MEXICO, Mo. – A Missouri-based freedom-advocacy center that fights for individual liberty and transparent, accountable, constitutionally-limited government is currently very busy pursuing cases against alleged government overreach, one of the group's directors said.
"That's our goal," Freedom Center of Missouri Director of Litigation Dave Roland said. "We focus on constitutional freedoms primarily. We try to aim for constitutional issues that are not focused on as much by organization such as, say, the ACLU of Missouri."
Freedom Center of Missouri has provided co-counsel with the ACLU in sunshine law cases and has been equally active in free speech cases that often attract the eye of the other organization, Roland said.
"Our focus goes a bit more further afield in that we deal with property rights cases, economic liberty cases, and sometimes we take different perspectives on first amendment cases than the ACLU would take," Roland said.
Freedom Center of Missouri's "first foray" into religious liberty litigation has been in so-call "good Samaritan" cases of people doing the right thing and finding themselves in legal trouble as a result, Roland said.
One such good Samaritan case taken up by Freedom Center of Missouri is that of the Rev. Ray Redlich of New Life Evangelistic Center and Christopher Ohnimus, who received a St. Louis police-issued city court summons for giving sandwiches to the homeless this past Halloween. Redlich and Ohnimus are challenging a city ordinance that prohibits food prepared in a home from being given to the public.
Dispositive motions are due in the Redlich/Ohnimus case next spring and Freedom Center of Missouri is gearing up to file a similar case on behalf of the unincorporated Kansas City organization Free Hot Soup Kansas City. The organization unintentionally made national news in November after a conflict with the Kansas City Health Department.
"They're a bunch of do-gooders who go around weekly providing food to people in need," Roland said. "They (the health department) not only told them they weren't allowed to do that, they confiscated the food that they had prepared for the homeless people and they poured bleach all over it so that no one could eat it."
That case has not yet been filed but it will be, Roland said.
"The issues are slightly different, more complex, than in the St. Louis case, which is causing the delay in getting that one filed," he said.
At times, the Freedom Center of Missouri has had to pull a win from a loss. An example is its backing of conservative activist Ronald John Calzone, who often testifies before the Missouri General Assembly, in his lawsuit against the Missouri Ethics Commission. Calzone is challenging the ethics commission on their interpretation of laws governing citizen, volunteer lobbyists.
Calzone's appeal is one of four Freedom Center of Missouri cases currently under consideration in the U.S. Eighth Circuit Court of Appeals, Roland said.
"Our position there is that although courts have long held that you can regulate professional lobbyists because of the potential of corruption, or the appearance of corruption, when there's money involved, in this situation there's no money involved at all," Roland said. "Not even arguably. We're saying that where there's no money involved, there cannot be a basis for stripping someone of their first amendment protections.
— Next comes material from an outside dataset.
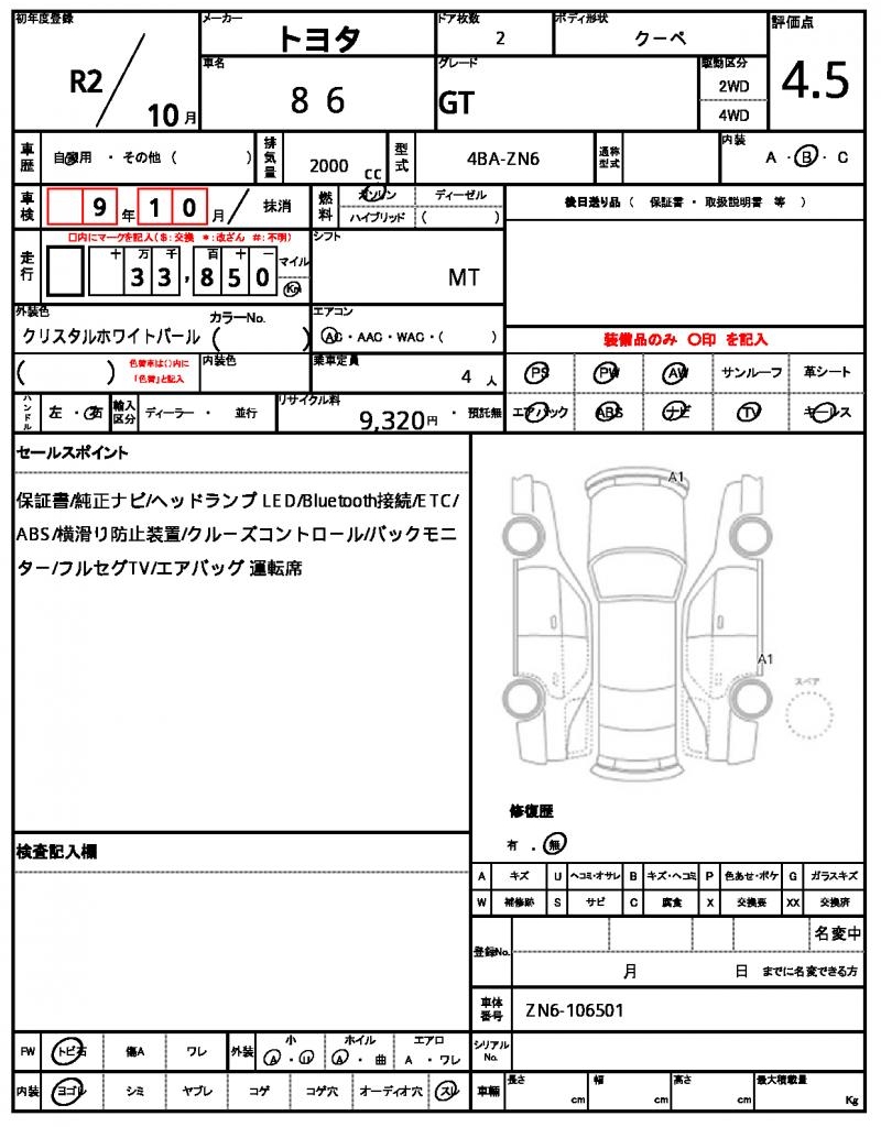 | Model code | 4BA-ZN6 |

You cannot require them to jump through certain governmental hoops just to be able to share their ideas about public policy with legislators."
In his appeal, Calzone asked the Eighth Circuit for a permanent injunction against the Missouri Ethics Commission to prevent the Commission from enforcing its interpretation of Missouri law in ways Calzone claimed violated his First Amendment right to freedom of speech.
A split Eighth Circuit three-judge panel in November disagreed with Calzone and affirmed a lower court's denial of the permanent injunction and ruled Calzone must fill out forms or face a fine.
However, Eighth Circuit Judge David R. Stras, in his dissent, said applying Missouri law, as interpreted by the Missouri Ethics Commission, on unpaid lobbyists who make no expenditures related to their lobbying efforts formed a "completed puzzle here [that] is more troubling than the sum of its parts."
"Although Calzone presents an as-applied challenge, which prevents us from considering other potential challengers to Missouri's law, the scope of the law is far reaching," Stras' dissent continued. "It does not appear to treat a member of a religious or civic organization who has been 'designated' to attend a 'Lobby Day' any differently from Calzone, who advocates on behalf of Missouri First. The law seemingly sweeps up all unpaid political advocacy by anyone who acts on behalf of someone else, no matter how often it occurs and regardless of its purpose."
After the November ruling and Stras' dissent, the appeals' court's 12 judges agreed to reconsider the case en banc, which it did in arguments heard in April. Roland said he expects the appeals court to issue its decision later this summer.
"That dissent prompted the entire en banc panel to review it and now we're waiting for a decision," Roland said. "That's actually a first of its kind case in the entire country."
Another case Freedom Center of Missouri is pursuing in the Eighth Circuit is that of a St. Peters woman ordered to devote a percentage of her property to lawn turf, despite her allergies to the turf. The woman, Janice Duffner, currently is facing up to $375,000 in potential civil penalties and potentially 40 years in prison, Roland said.
"We've argued that if the way she is using her property is otherwise perfectly lawful, then the city doesn't get to dictate to her what she plants in her yard," he said. "If we're not talking about a threat to public health or safety, or a plant that in itself is unlawful, then that decision has to be the homeowner's to make, not the city's."
A decision in the woman's case if expected "any day," Roland said.
Freedom Center of Missouri has been so busy with constitutional freedoms and other claims that it hasn't been able to keep its website updated but the center is keeping its focus primarily on the protection of constitutional freedoms, Roland said.
"We do not support or oppose any legislation," he said. "That's a commitment that my wife, who also is executive director, and I made early on. We want to be completely nonpartisan and that means even when it comes to weighing in pro or con on a particular bill in front of the legislature, we want to maintain complete agnosticism."